Optimizing and accelerating in the midst of regulations
Amlan Patnaik and his team face a significant challenge in deploying AI and ML for their financial clients in a highly regulated industry. Patnaik said it takes only a couple of days to build a model on top of a data set of features, and deploy it into production in a nonregulated industry. A regulated industry requires external risk assessment and internal validation at every stage.
"We rely more on statistical models, "Patnaik said," and we thoroughly scrutinize large neural network- based solutions."
Three independent groups review and challenge models - a frontline independent risk group, a model risk gover- nance group, and an audit group, he said. These groups build separate models to create independent sources of data; apply post hoc processes to analyze the results of experimental data; verify that data sets and models are within the "right range" and apply techniques to challenge them.
In average, Patnaik's team deploys nearly 60 models per year, keeping the champion-challenger framework in mind. During this process, multiple competing strategies are continuously monitored and compared in a production environment and their performance is evaluated over time. The technique helps to identify which model produces the best results (the "champion") and which option produces the runner-up (the "challenger").
His department has already made strides in that direction, having reduced the AI modeling process - discovery to market - from 60 to 15 weeks.
It's not about a specific AI model, it’s a question of “How can you optimize that whole end to end flow and automate as much as possible?
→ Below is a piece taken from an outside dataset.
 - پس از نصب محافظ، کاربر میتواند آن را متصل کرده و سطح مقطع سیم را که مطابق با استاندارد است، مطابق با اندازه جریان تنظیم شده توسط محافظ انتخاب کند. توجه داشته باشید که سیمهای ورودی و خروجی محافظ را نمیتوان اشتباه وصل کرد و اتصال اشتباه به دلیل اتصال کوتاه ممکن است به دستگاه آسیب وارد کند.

It's more about how much muscle memory do we have to bring these things to market and add value?" Patnaik said.
"The value of ML specifically will be in use cases that we haven't even imagined yet." he said.
Dialogue with the financial services industry
As a whole, the industry will also benefit from bridging the digital divide between big and small players. Collaboration, Patnaik said, can help foster new insights and enhance customer interaction. Patnaik said such capabilities as secure multiparty computation and zero-knowledge proof platforms could achieve this. It is a cryptographic method for distributing computations among multiple parties without revealing inputs or allowing individual parties to see other parties' data. Cryptographic zero knowledge proofing is a method by which one party can prove to another that a given statement is indeed true, without divulging any additional (potentially sensitive) information.
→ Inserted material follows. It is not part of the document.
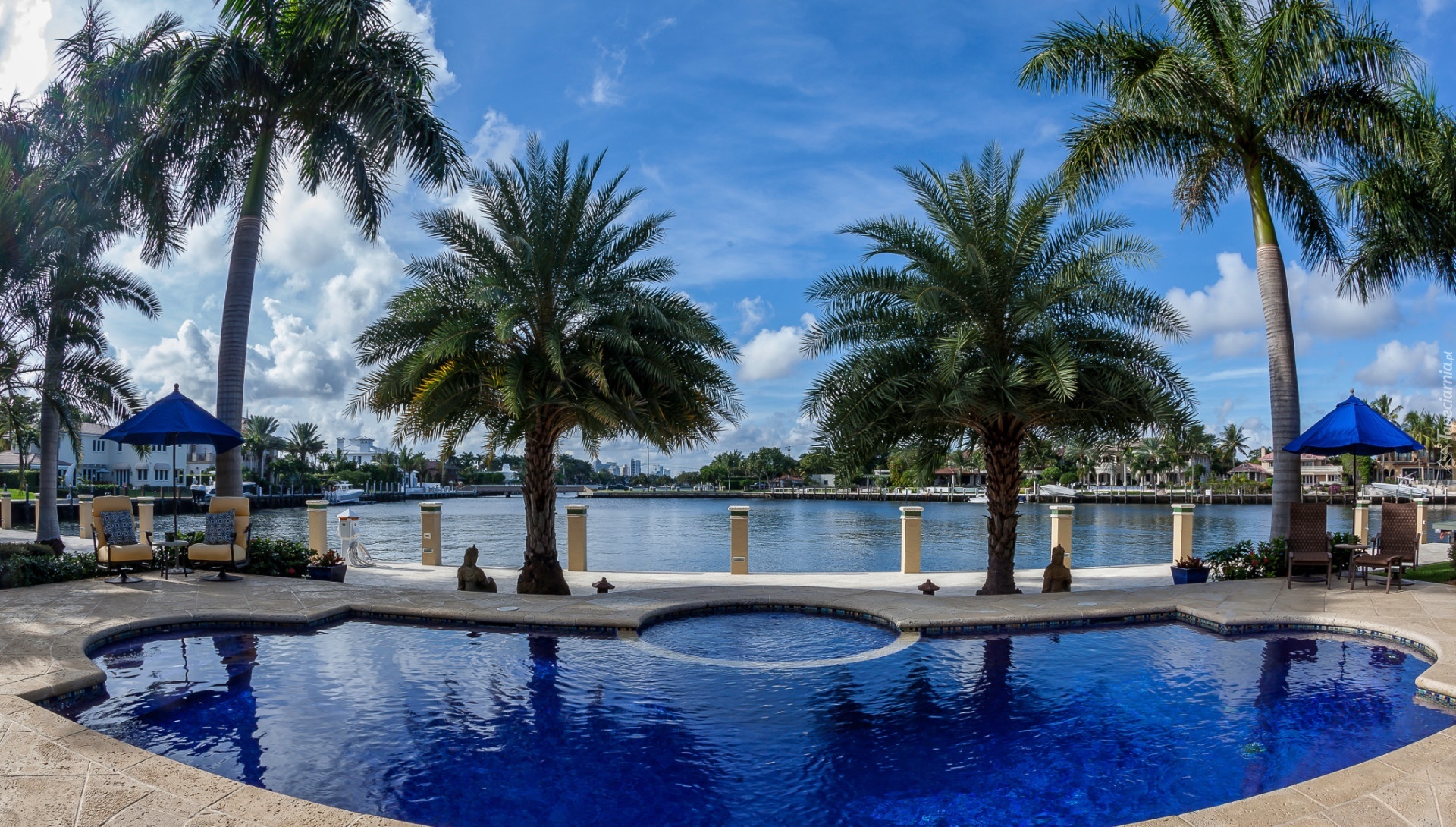 Edytor tapety: Jezioro, Basen, Palmy

This will enable institutions to collaborate and share information safely without having privacy and data loss concerns, while at the same time competing in an ecosystem appropriately, Patnaik said.
The industry will have a firmer hypothesis about collaboration and the use of these advanced tools within five years, Amlan predicted.
In a similar manner, Amlan and his team maintains a dialogue with regulators on behalf of his financial clients. A positive sign is the fact that Patnaik has recently received requests from regulators regarding AI/ML processes and techniques - which has never happened before. The problem could be critical, since institutions use a variety of tools to build models, and the process could be industrialized, Patnaik explained.
“I think there's a lot more interest, motivation and appetite on the part of regulators to understand this a little better so that they can think through this and engage more,” Patnaik said.